Share your dilemmas and get honest opinions from other Mumsnetters.

When as a baby to expect to be responded to by my parents?

108 replies

BooseysMom · 05/09/2019 11:16

Just reading a rather upsetting book DH got me for Mother's Day called 'The Book you wish your Parents had read' by Philippa Perry, a psychotherapist married to the artist Grayson Perry.

One chapter on pregnancy covers attachment parenting and the different versions of this. I'll try to keep it as brief as i can .. basically it's saying if as a baby you were left to 'cry it out' you are likely going to develop neurosis in later life and have a negative outlook and life experiences and not be able to form relationships easily ... all because as a baby your needs were not met and you were left to cry for hours. This really got to me and left me wondering whether my late DM left me for hours which is why i tend to be anxious and find it hard to be positive. I clearly remember her telling me to ignore DS when he was just 6 weeks old! I was utterly flabbergasted .. how can a tiny baby be left to cry? Of course she was the one i ignored! Last night was bad and during my regular insomnia i just kept going over it in my head. I mean, in the old days the advice was to leave babies to cry ..so surely that means most of our generation are in some way screwed up?!
What do you think? Is this woman right to state this? Should i just step away from the book now?! Hmm

OP posts:
LisaSimpsonsbff · 05/09/2019 13:19

As in, she argues it has happened, and that it is a bad thing. Not that she's in favour of it.

BooseysMom · 05/09/2019 13:22

I couldn't lock any baby in a room and ignore them! I breastfed but I find the suggestion that this would be easy to do if hormones weren't at work quite offensive

I apologise to you and another pp .. this didn't come across as i intended it! I actually ebf from co-slept from birth and was just wondering whether this was why my SIL found it so easy to lock her kids in their room..the fact she never bf.

Ffs, don't give me any more anxiety please!!

OP posts:
diplodocus · 05/09/2019 13:23

Is our more attentive style of parenting producing happier, more resilient, children, teens and adults? I don't know the answer to this and it would be incredibly difficult to prove conclusively one way or the other, but rising concerns about teen mental health etc make me skeptical. Not saying child neglect is ever OK though obviously.

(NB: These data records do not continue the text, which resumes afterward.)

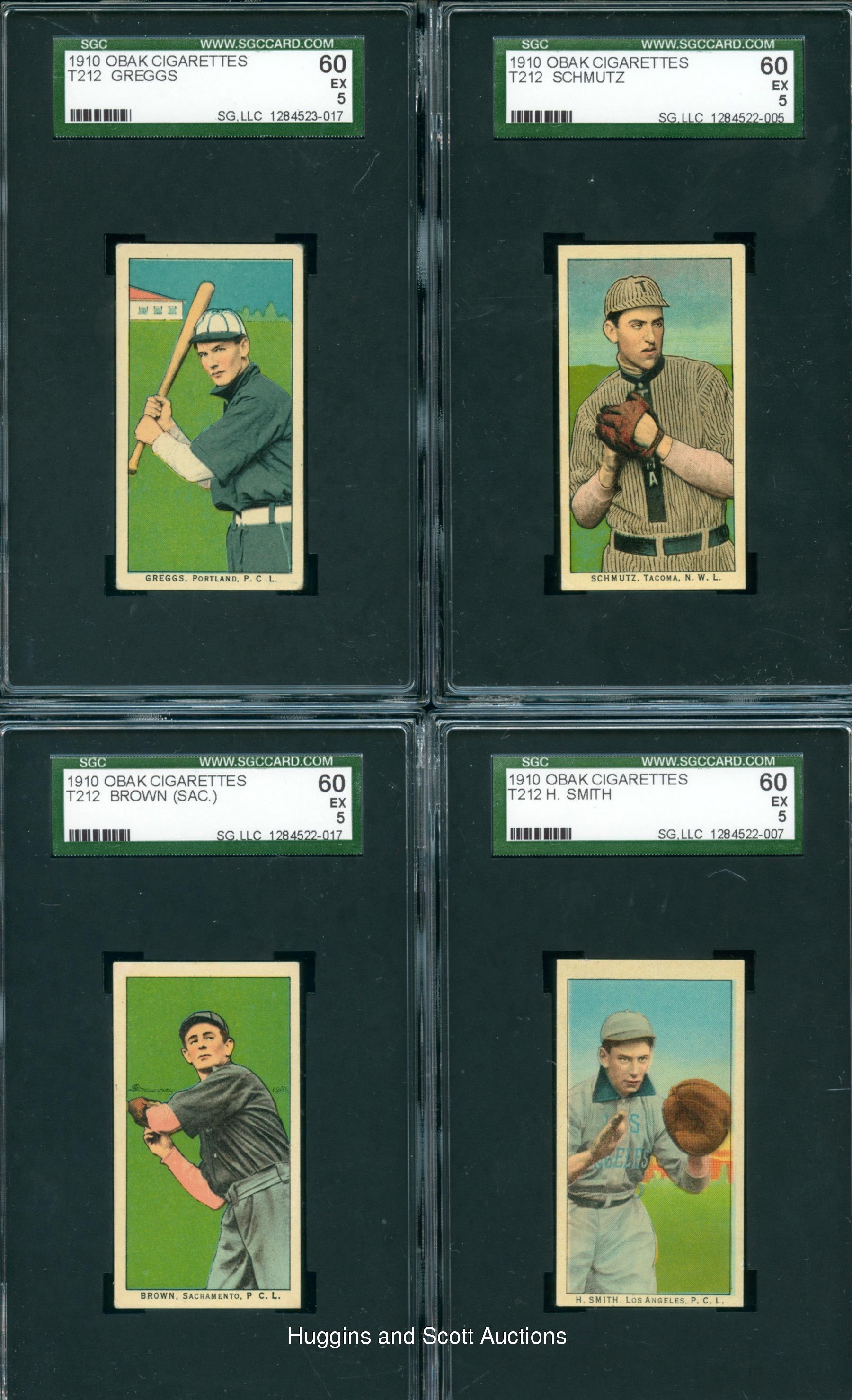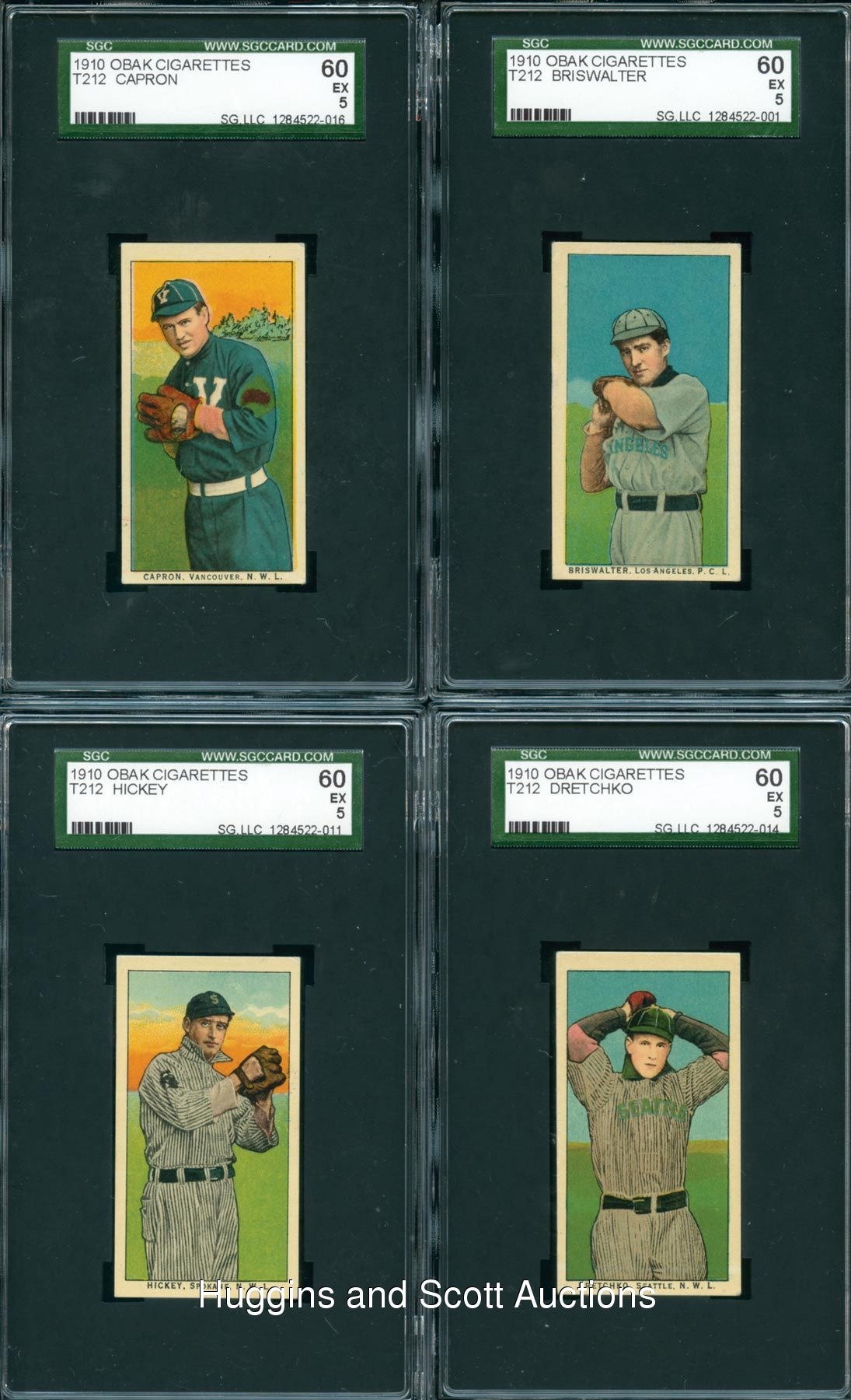 Each graded 60 EX 5 by SGC. These (8) 1910 T212-2 Obak singles present at the peak of their assigned technical grades. Intricate depictions of numerous Pacific Coast League subjects are found throughout including Briswalter, Brown (Sacramento), Capron, Dretchko, Greggs, Hickey, Schmutz and H. Smith. All backs are clean and come from the "175 Subjects" series.
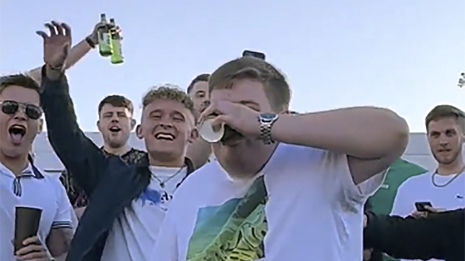 Na filmie widać, jak mężczyzna z trudem przełyka ostatnie krople piwa. Po chwili zatacza się i upada głową w dół, prosto pomiędzy krzesełka. Wciąż trzyma jednak w ręku swój kubek. Zebrani wokół fani zaczynają wesoło rechotać.
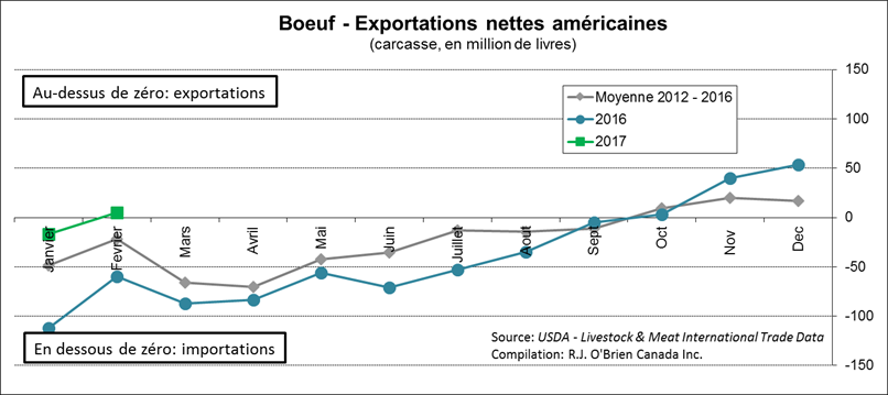 En février, les États-Unis ont exporté un net de 5 millions de livres avec 205 millions exportées et 200 millions importées. Comparativement aux 2 dernières années, c’est la première fois qu’on a des exportations nettes durant les mois de janvier-février. C’est principalement les importations qui ont diminué avec de très faibles volumes en provenance d’Australie à 31 millions lbs versus 54 M et 70 M en 2016 et 2015 respectivement. Au niveau des ventes, c’est le Japon qui était le plus gros acheteur avec 64 millions de lbs.
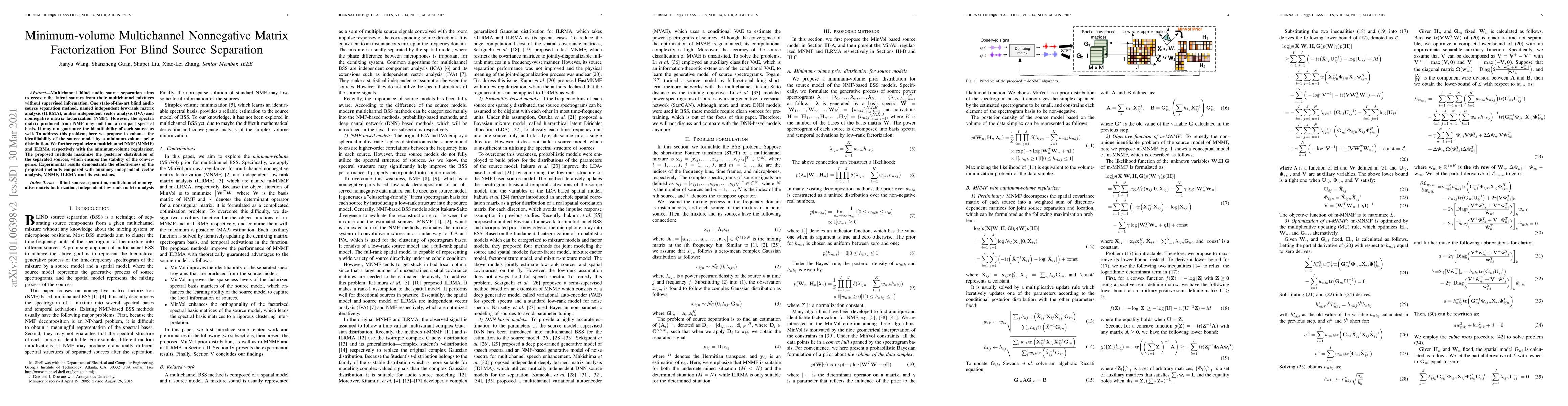 Multichannel blind audio source separation aims to recover the latent sources from their multichannel mixtures without supervised information. One state-of-the-art blind audio source separation method, named independent low-rank matrix analysis (ILRMA), unifies independent vector analysis (IVA) and nonnegative matrix factorization (NMF). However, the spectra matrix produced from NMF may not find a compact spectral basis. It may not guarantee the identifiability of each source as well. To address this problem, here we propose to enhance the identifiability of the source model by a minimum-volume prior distribution. We further regularize a multichannel NMF (MNMF) and ILRMA respectively with the minimum-volume regularizer. The proposed methods maximize the posterior distribution of the separated sources, which ensures the stability of the convergence. Experimental results demonstrate the effectiveness of the proposed methods compared with auxiliary independent vector analysis, MNMF, ILRMA and its extensions.
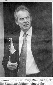 Als man im letzten Jahr die Politik verschärfen wollte, kam es darüber fast zum Sturz des Premiers. Der Grund für eine erneute Hochschulreform war die Finanzierungskrise der Universitäten. Seit 1989 hatte sich die Zahl der Studierenden im Königreich mehr als verdoppelt, während die staatliche finanzielle Förderung um ein Drittel zurück ging. Die Regierung wollte den Universitäten daher gestatten, ab 2006 bis zu 3000 Pfund (ca. 4350 Euro) Studiengebühren pro Jahr zu erheben. Dabei soll es den Hochschulen überlassen bleiben, je nach eigenem Prestige und Studiengang die Gebühren zu staffeln. Labours Hinterbänkler sahen rot. Die Kritiker in der Fraktion nahmen vor allem Anstoß an der Einführung des Marktprinzips in den Bildungsbereich. In Zukunft, so ihr Argument, würden die Elite-Universitäten wie Oxford und Cambridge nur noch Kindern aus reichen Familien offen stehen, während sich der Rest mit mittelmäßigen Lehranstalten zufrieden geben müsse.
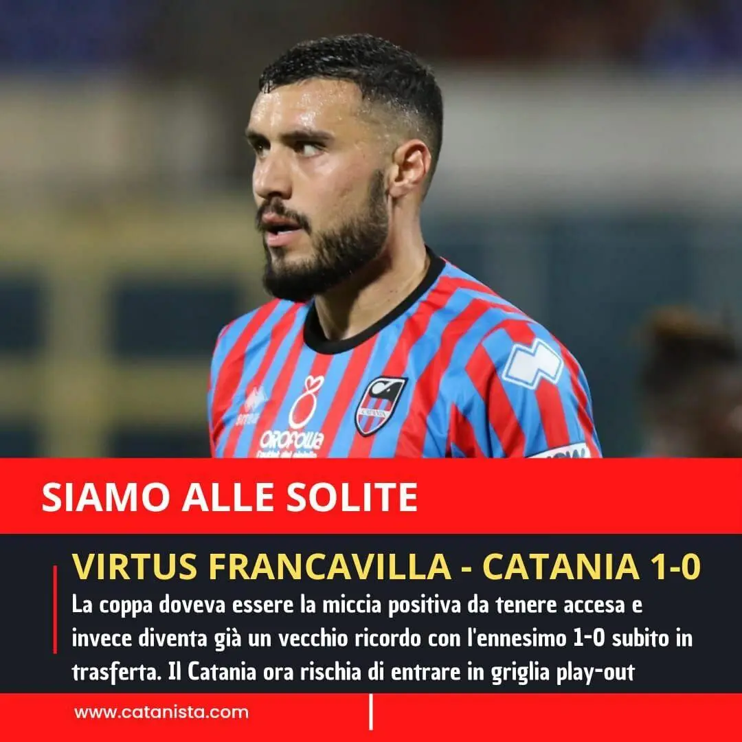 Via i festeggiamenti, via le belle sensazioni, via un Catania voglioso di vincere per far posto a quello visto praticamente in tutto il campionato: la Virtus Francavilla vince 1-0 facendo tutto sommato il minimo indispensabile per prendersi 3 punti fondamentali con il gol del solito Artistico nel secondo tempo. Per i rossazzurri due soli tiri in porta in 90'. La classifica diventa oltremodo pericolosa, si rischia di entrare in griglia play-out.
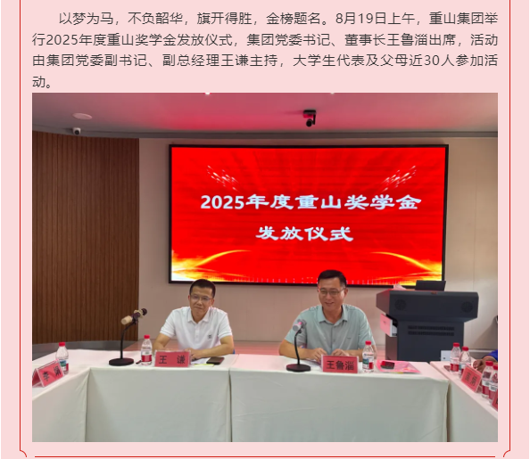 【頭條】金秋筑夢 愛責同行—重山集團舉行2025年度重山獎學金發(fā)放儀式
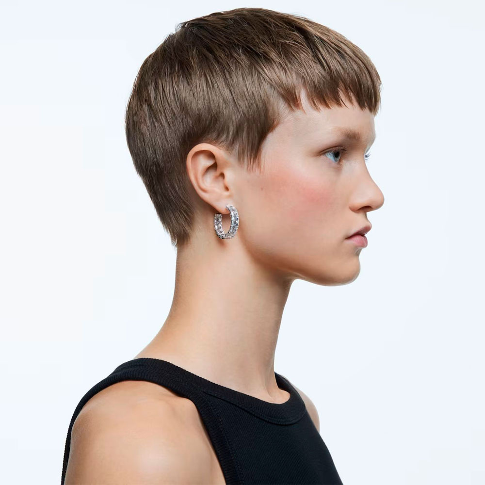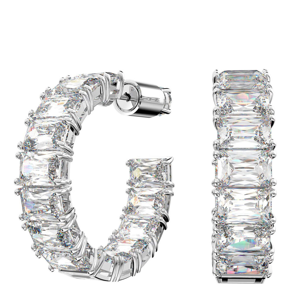 Элегантные серьги полукольца из коллекции Millenia с дорожкой из кристаллов восьмиугольной огранки, заключенных в изящную оправу с родиевым покрытием, добавят немного волшебства в ваш повседневный стиль. Вид застежки - штифт.
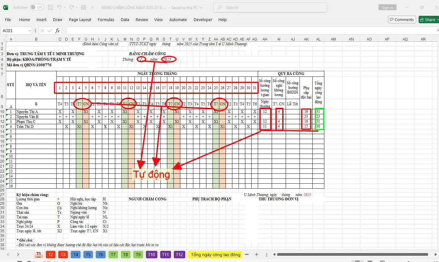 Bảng chấm công theo tháng của từng khoa/phòng được thiết kế trên Excel với cấu trúc thống nhất, dữ liệu được nhập riêng theo từng đơn vị. Toàn bộ các bảng này được liên kết vào một file tổng hợp trung tâm. Hệ thống tự động lấy dữ liệu từ các sheet của khoa/phòng để tổng hợp thành báo cáo chung theo ngày, theo tháng, theo loại công hoặc theo từng nhóm nhân viên.
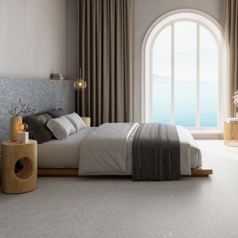 Les carreaux de porcelaine Santorini Blanco 24×24 sont clairs et raffinés, au look de terrazzo et de pierre naturelle douce, ils créent une ambiance lumineuse, moderne et élégante, parfaite pour les intérieurs minimalistes, méditerranéens ou contemporains. Son fini est légèrement texturé, ce qui la rend unique. Oserez-vous?
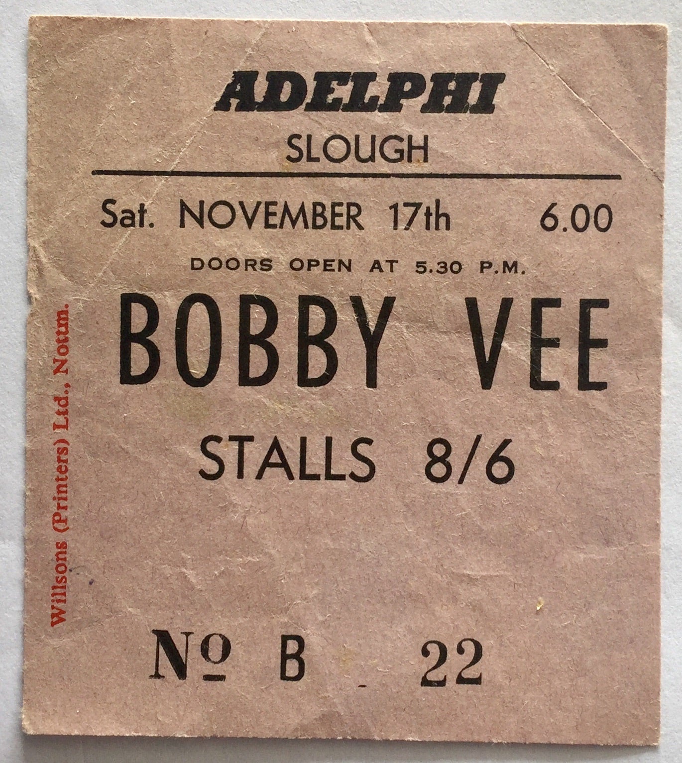 Bobby Vee Crickets Original Used Concert Ticket Adelphi Theatre Slough 17th Nov 1962

Baguetteaboutit · 05/09/2019 13:25

Ah, that sounds interesting Lisa, I'll look it up, even though it if does rather disprove my point that you can't make a book out of it 😁

Happyspud · 05/09/2019 13:25

I was left to cry occasionally in the 80’s but had the most loving and supportive home. I’m not anxious and have better resilience and confidence than most people I meet.

I think some babies left to cry come from homes where the love and support isn’t there. The problem is not being left to cry. It’s having bad parents.

LisaSimpsonsbff · 05/09/2019 13:27

OP, have you had any counselling? You're extremely critical and judgemental of others, which is quite an unpleasant trait but which can also be a by-product of anxiety (and a mental attempt to convince yourself that you're doing it right, not like those others). You might find yourself a lot happier and more relaxed if you talked to a professional - and, crucially, you're less likely to be modelling damaging behaviour for your children.

yesteaandawineplease · 05/09/2019 13:27

I found the book a bit upsetting too op and had to stop reading. there's lots more to it though than just leaving a baby to cry or not (and agree that there is a big difference leaving a baby to grumble for a few mins and ignoring them). it how you treat your baby overall and how you then treat your child as they grow? i see it that the book was saying that ideally parents will be kind, responsive and attentive and will avoid being controling or dismissive. but as I say, I had to stop reading so may have missed key points.

Poolbridge · 05/09/2019 13:29

What nonsense - its just a theory, amongst many others.
I know my mum left me to cry it out / did controlled crying. And amongst all of my friends / associates, I have the most positive outlook on life and are the most optimistic. Nor do I have any neurosis.
I do however have challenges with relationships with male partners - but I attribute this more to my difficult relationship with my father, than a short time of my life as a baby while I was learning to sleep.
As with a good many books / theories on parenting, I think you need to take it with a pinch of salt.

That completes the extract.